Orgelbau Pieringer e.U.
- Company type: private company
- Industry: pipe organ manufacturing
- Founded: 1996 in Haag, Austria
- Founder: Johann Pieringer
- Headquarters: Holzleiten 4, A-3350 Haag, Austria
- Owner: Johann Pieringer
- Website: orgelbau-pieringer.at

= Orgelbau Pieringer =

Austrian organ building company

Orgelbau Pieringer is an Austrian organ building company based in the city of Haag in Lower Austria. The founder and owner of the company is the Haag organ builder Johann Pieringer. Orgelbau Pieringer is a reputable organ workshop active for 25 years throughout Austria, Germany and Croatia, as well as a member of International Society of Organbuilders.

== History ==
After completing his professional training as an organ builder in a master workshop in Sankt Florian (Upper Austria) and successfully passing the final apprenticeship examination (1982) as well as master's examination (1989) for the organ building, Johann Pieringer set up his own business in 1996 and founded his organ workshop in the city of Haag. In 2003 the new workshop was built in Haag and the company headquarters moved from Johannesgasse to Holzleiten.

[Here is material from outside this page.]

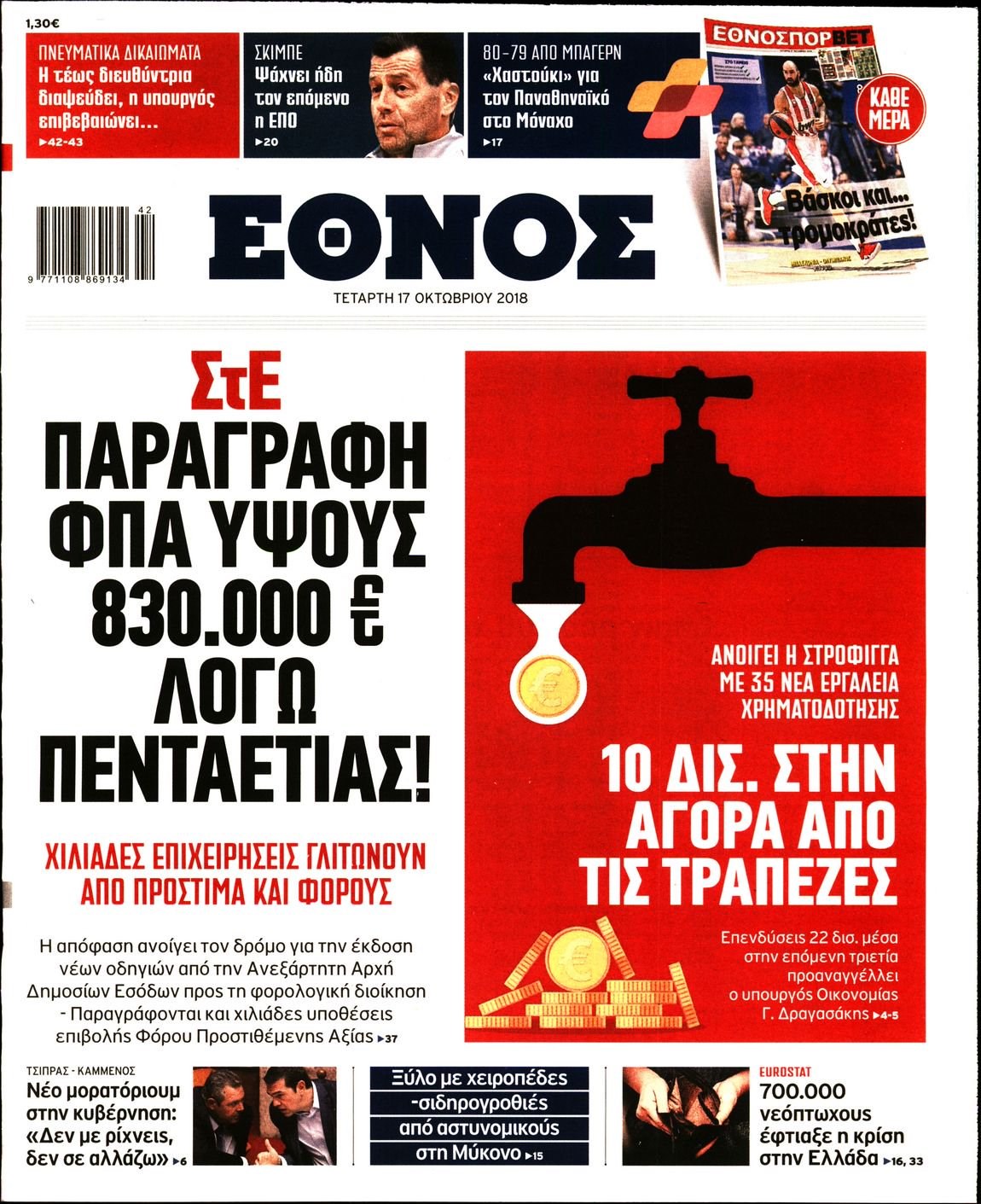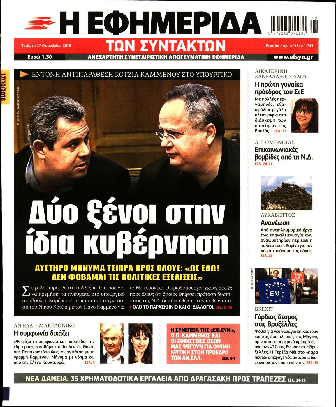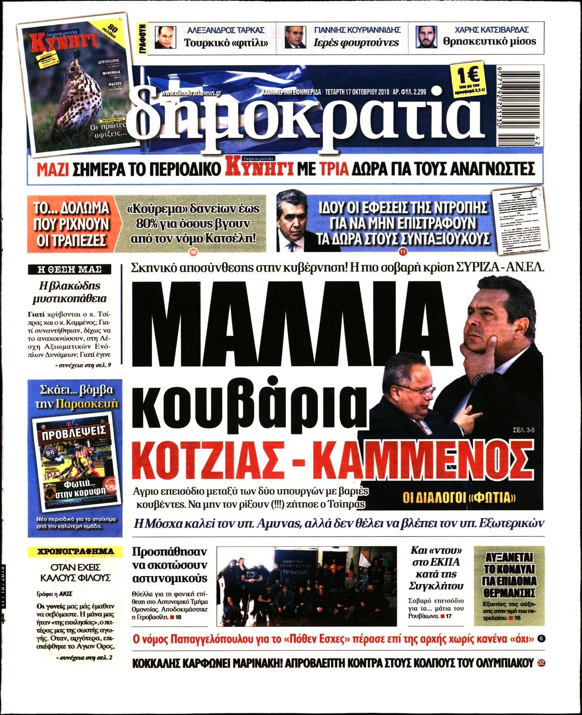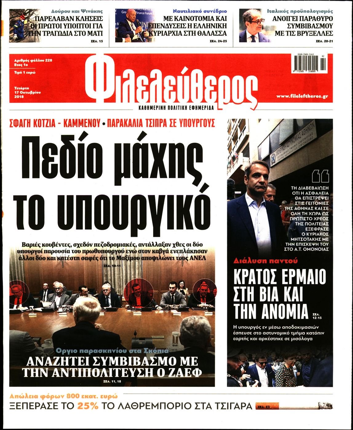 Οι πολιτικές εφημερίδες 17/10/18 Enikos Newsroom 06:22, Τετάρτη 17 Οκτωβρίου 2018 Media Διαβάστε τα πρωτοσέλιδα: ΠΡΩΤΟΣΕΛΙΔΑ Μοιράσου το: σχολίασε κι εσύ (0 σχόλια) Ακολουθήστε το enikos.gr στο Google News και μάθετε πρώτοι όλες τις ειδήσεις Δείτε όλες τις τελευταίες ειδήσεις από την Ελλάδα και τον Κόσμο στο enikos.gr Ειδήσεις Ροή Ειδήσεων 1 ώρα πριν Αγρότες από το μπλόκο Νίκαιας κλείνουν τη Δευτέρα τις σήραγγες των Τεμπών για τα φορτηγά – Τι αποφάσισαν 5 ώρες πριν Μητσοτάκης σε αγρότες: Είμαστε ανοιχτοί στον διάλογο, αλλά όχι στο παράλογο – Η διεκδίκηση αιτημάτων οφείλει να γίνεται με σεβασμό στο κοινωνικό σύνολο 4 ώρες πριν Κηφισιά: Δύο συλλήψεις για ληστεία με λεία 180.000 ευρώ – Βίντεο ντοκουμέντα από τη δράση των συλληφθέντων 50 λεπτά πριν Ζελένσκι: Τάχθηκε σήμερα υπέρ της διεξαγωγής ευρύτερων διαβουλεύσεων με Ευρωπαίους εταίρους 2 ώρες πριν Θεσσαλονίκη: Με Αγιοβασίληδες γέμισε ο Θερμαϊκός στο 5ο Santa SUP 5 ώρες πριν Τα άστρα ευνοούν σκανδαλωδώς 4 ζώδια – «Εμφανίζονται ξαφνικά ευκαιρίες γιατί αποφασίζετε να αφήσετε πίσω το παρελθόν» 4 ώρες πριν Προπονήτρια γυμναστικής που έχασε 9 κιλά αποκαλύπτει: «Αυτοί είναι οι 5 παράγοντες που εμποδίζουν την απώλεια βάρους» 3 ώρες πριν Οι άνθρωποι που στρώνουν το κρεβάτι τους κάθε πρωί, διαθέτουν αυτές τις 8 κρυφές δυνάμεις 1 ημέρα πριν Enerwave: Το νέο «ρεύμα» στη λιανική ενέργειας που αλλάζει την εμπειρία του καταναλωτή 24 δευτερόλεπτα πριν Αγρότες: Ανοιχτός ο Προμαχώνας για όλα τα οχήματα την Παραμονή και την ημέρα των Χριστουγέννων 6 λεπτά πριν Βελόπουλος: Ο πρωθυπουργός επαναλαμβάνει συνεχώς τα ίδια ψέματα 13 λεπτά πριν Μια νύχτα μόνο: Η Αρετή και ο Οδυσσέας έρχονται και πάλι κοντά 20 λεπτά πριν Ένα πλάσμα στα βάθη της θάλασσας απορροφά άνθρακα από την ατμόσφαιρα – «Δεν είχαμε ιδέα για την ύπαρξή του» 21 λεπτά πριν Στο «μικροσκόπιο» των Αρχών ο αγροτοσυνδικαλιστής Κωνσταντίνος Ανεστίδης – Υπό διερεύνηση για επιδοτήσεις 122.000 ευρώ ENIKOS NETWORK Ο εγκέφαλός μας ξεπερνά ακόμα σε εξυπνάδα το ΑΙ – Ποιο είναι αυτό στο οποίο είμαστε καλύτεροι Φοράτε ψηλοτάκουνα παπούτσια; Ποδίατροι συμβουλεύουν πόσο ψηλά επιτρέπεται να είναι και πώς να τα επιλέξετε IRIS: Διπλασιάζεται το όριο μεταφοράς χρημάτων μεταξύ ιδιωτών – Οι νέες αλλαγές και πότε θα εφαρμοστούν Η επόμενη ημέρα για τις ελληνικές τράπεζες -Τι λένε κορυφαία στελέχη του κλάδου Χαρτογραφώντας το «σημείο χωρίς επιστροφή»: Για πρώτη φορά αποκαλύπτεται με λεπτομέρεια το ακανθώδες όριο της ατμόσφαιρας τ... Η Google καταργεί τη λειτουργία «dark web report» – Πώς θα μπορούν οι χρήστες να διαγράφουν τα δεδομένα τους περισσότερα 15:08 , Κυριακή 21 Δεκεμβρίου 2025 Μια νύχτα μόνο: Η Αρετή και ο Οδυσσέας έρχονται και πάλι κοντά Το νέο επεισόδιο της δραματικής σειράς του MEGA «Μια νύχτα μόνο», θα προβληθεί απόψε Κυριακή 2... 14:24 , Κυριακή 21 Δεκεμβρίου 2025 IQ 160: Ο φάκελος με το τεστ πατρότητας ανοίγει, απόψε στις 21:00 στο Star Ανατρεπτικό το νέο διπλό επεισόδιο της σειράς “IQ 160” στις 21:00 στο Star. Ο Τηλέ... 09:43 , Κυριακή 21 Δεκεμβρίου 2025 Το λάθος στην ταινία Die Hard που άφησε άναυδους τους θαυμαστές του Μπρους Γουίλις Ένας φανατικός των ταινιών άφησε άναυδους τους θαυμαστές του Die Hard, επισημαίνοντας τρία βασ... 08:13 , Κυριακή 21 Δεκεμβρίου 2025 Άγιος έρωτας: Ένας καταστροφικός σεισμός χτυπά τη Στέρνα Καταιγιστικές είναι οι εξελίξεις στα δυο τελευταία, συγκλονιστικά επεισόδια του 2025 της σειρά... ΤΕΛΕΥΤΑΙΕΣ ΕΙΔΗΣΕΙΣ 6 λεπτά πριν Βελόπουλος: Ο πρωθυπουρ
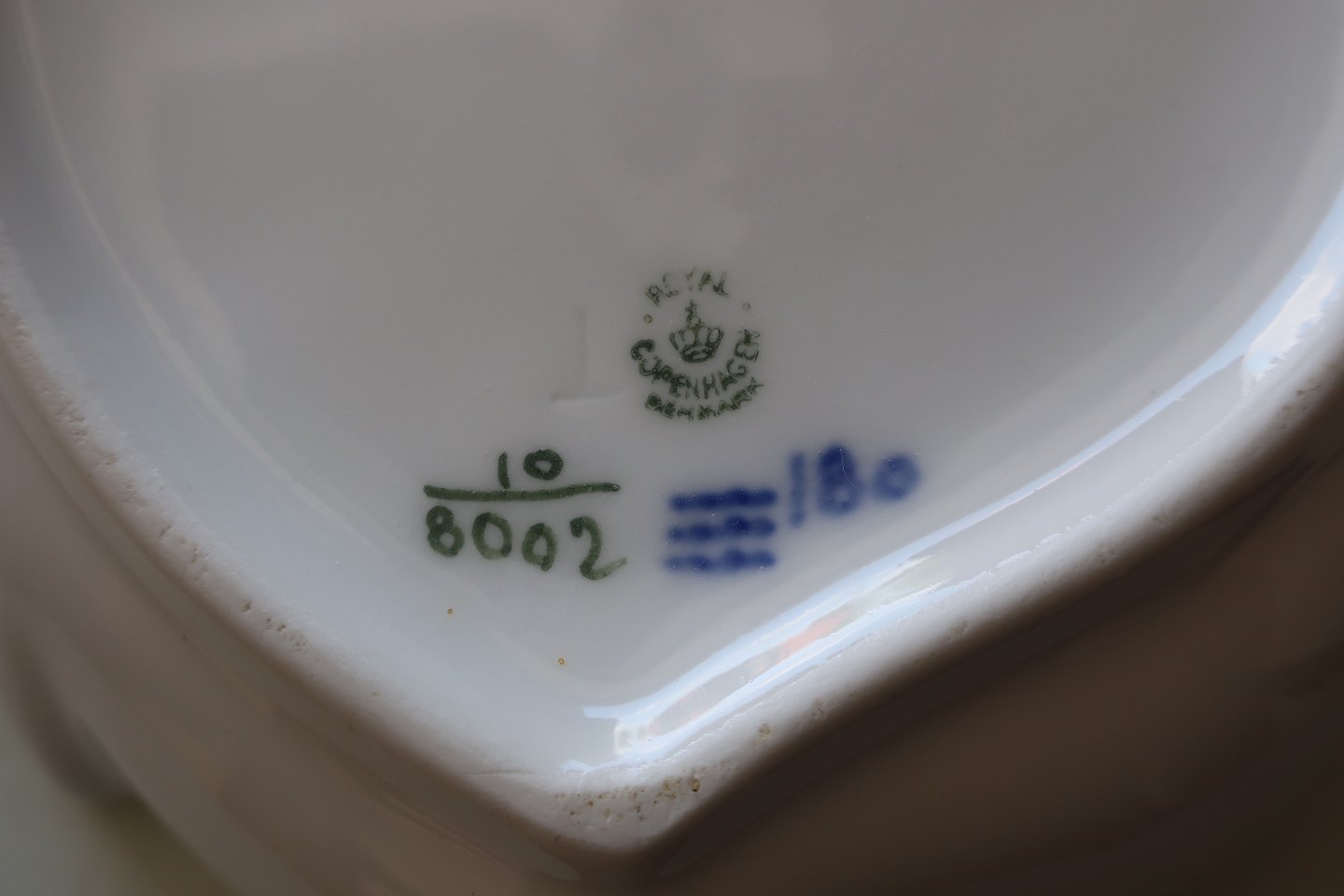 Royal Copenhagen (RC) (blad-)fad Blå blomst 1. sortering NR.: 10/8002 L: 23cm B: 18cm Flot stand Varenr.: KM1005

Orgelbau Pieringer mainly builds positive, house, concert and church organs designed in the classic mechanical manner of construction. Other services of the company also include cleaning and reconstruction, restoration of historical organs, intonation and tuning adapted to the organ's style and location, maintenance, organ relocation and transport as well as harmonium repairs. The company mostly operates throughout Austria, but has also realized some significant projects in Germany and Croatia, such as the construction of the organ in the choir chapel of the Frauenchiemsee monastery, the organ in the chapel of the Society of the Sisters of Our Lady in Zagreb and the organ in the parish church of Our Lady of Loreto in Zadar.

== Works (selection) ==
P = Pedal keyboard

| City | Church | Year | Picture | Manuals | Stops | Remarks |
|---|---|---|---|---|---|---|
| Großgmain | Parish church | 2000 |  | II/P | 17 | The organ in the church of Großgmain is the only two-manual organ by Ludwig Mooser that has been almost completely preserved. During a restoration by Orgelbau Pieringer in 2000, the Dolce 4' and the Bassposaune 8' were reconstructed. The storage bellows were installed by Mauracher at the end of the nineteenth century. |
| Kematen an der Ybbs | Parish church | 2000 |  | II/P | 13 |  |
| Zeillern | Parish church | 2003 |  | II/P | 21 | The organ, originally built by Johann Lachmayr in 1906 and rebuilt by Paul Heer in 1961, was replaced in 2003 by a new instrument built into the original case. The new organ of the parish church of Zeillern, built by Orgelbau Pieringer from Haag, was inaugurated on 14 February 2004 by prelate Dr. Walter Graf. |
| Hallwang | Parish church | 2005 |  | II/P | 19 |  |
| Matzleinsdorf | Parish church | 2006 |  | II/P | 12 |  |
| Sankt Marien | Parish church | 2008 |  | II/P | 15 |  |
| Liefering | Parish church of the Apostles Peter and Paul | 2009 |  | II/P | 15 |  |
| Scheibbs | St. Barbara Monastery Church | 2010 |  | III/P | 17 |  |
| Ybbs an der Donau | Parish church of St. Lawrence | 2012 |  | III/P | 30 | The baroque organ was made by Bartholomäus Heintzer in 1723 after the town fire in 1716. From 2009 to 2012 the organ was de facto rebuilt by Orgelbau Pieringer in the existing housing. |
| Wolfern | Parish church | 2014 |  | II/P | 20 |  |

== Awards and honors ==
- 2007 – Ausbilder-Trophy 2007, 3rd prize for the training of apprentices in the fields of business and entrepreneurship.
- 2007 – nomination for the Austrian Adolf Loos Prize for the »Klangwürfel« organ project.
- 2014 – Austrian Maecenas Prize in the category Best Cultural Sponsorship of Small and Medium-Sized Enterprises for the financing of the concert series "Orgelkunst 2013" at Ybbs an der Donau.